* [Brief]: Nothing but a verbatim copy of the data, minus the images, should be returned.

* [Provided material]:

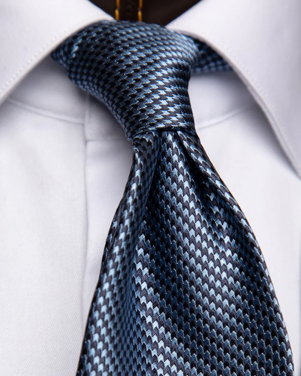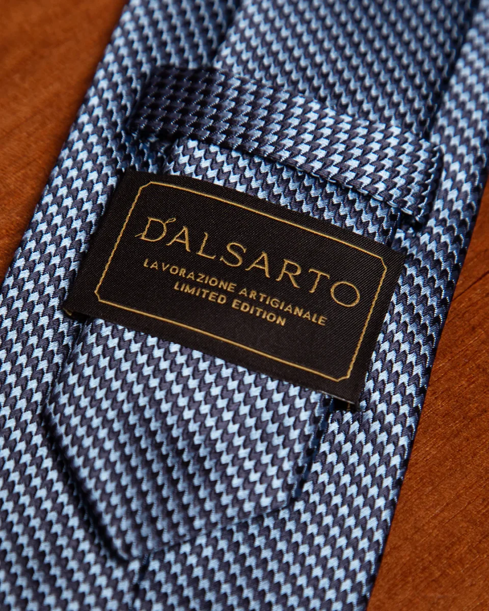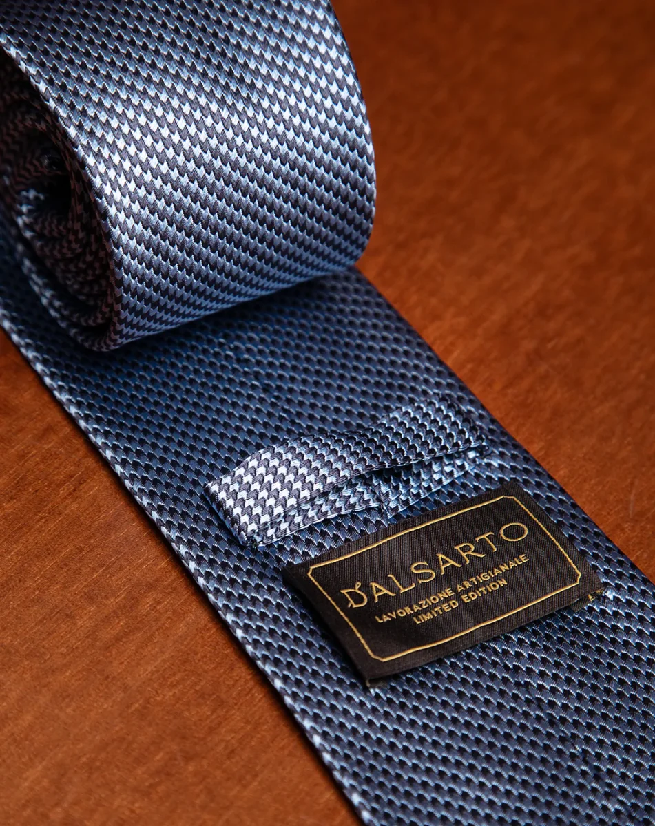 Il fascino di questo modello risiede nella sua micro-armatura: un intreccio serrato di filati blu notte e azzurro cielo che crea un effetto ottico di colore “mosso”. Da lontano, la cravatta appare come un blu polveroso e profondo; da vicino, rivela una texture vibrante che cattura la luce in modo non uniforme, conferendo al nodo una tridimensionalità superiore rispetto alle sete lisce.
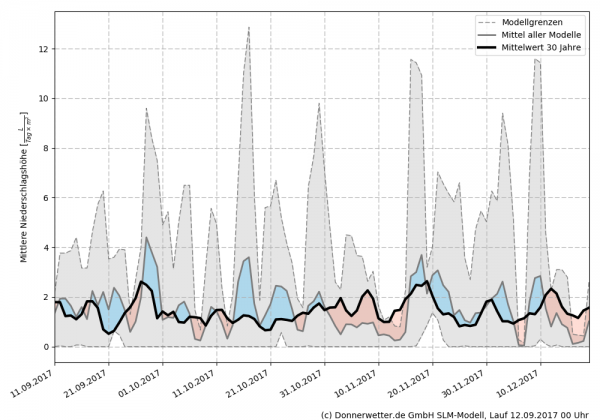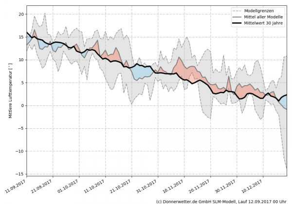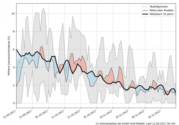 Zumindest im September gelingen dem Altweibersommer im Osten keine großen Sprünge mehr. In den Wochen danach berechnet unser aktuelles Langfristmodell zeitweise zu milde Temperaturen, vor allem der Zeitraum Mitte November bis Mitte Dezember sticht hier heraus. In den letzten beiden Dekaden von Oktober und November gibt es zudem mehr Sonnenstunden als üblich.
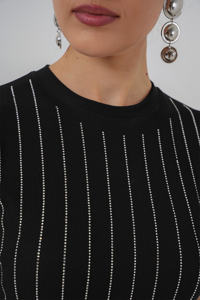Sıfır Kol Taşlı Bluz 931 - Siyah
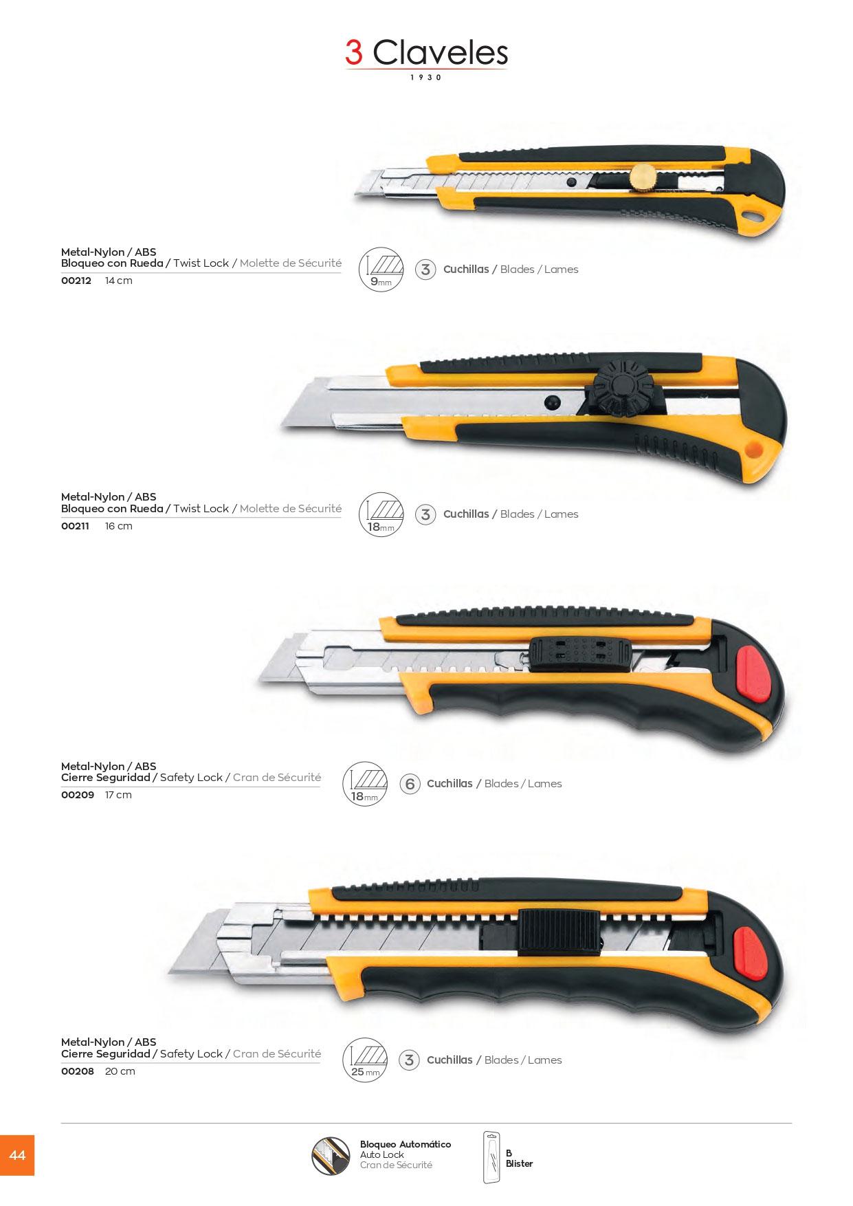 Cutter de 25 mm con mango de metal-nylon y ABS con cierre de segu...

* [Result below]:
 Il fascino di questo modello risiede nella sua micro-armatura: un intreccio serrato di filati blu notte e azzurro cielo che crea un effetto ottico di colore “mosso”. Da lontano, la cravatta appare come un blu polveroso e profondo; da vicino, rivela una texture vibrante che cattura la luce in modo non uniforme, conferendo al nodo una tridimensionalità superiore rispetto alle sete lisce.
 Zumindest im September gelingen dem Altweibersommer im Osten keine großen Sprünge mehr. In den Wochen danach berechnet unser aktuelles Langfristmodell zeitweise zu milde Temperaturen, vor allem der Zeitraum Mitte November bis Mitte Dezember sticht hier heraus. In den letzten beiden Dekaden von Oktober und November gibt es zudem mehr Sonnenstunden als üblich.
Sıfır Kol Taşlı Bluz 931 - Siyah
 Cutter de 25 mm con mango de metal-nylon y ABS con cierre de segu...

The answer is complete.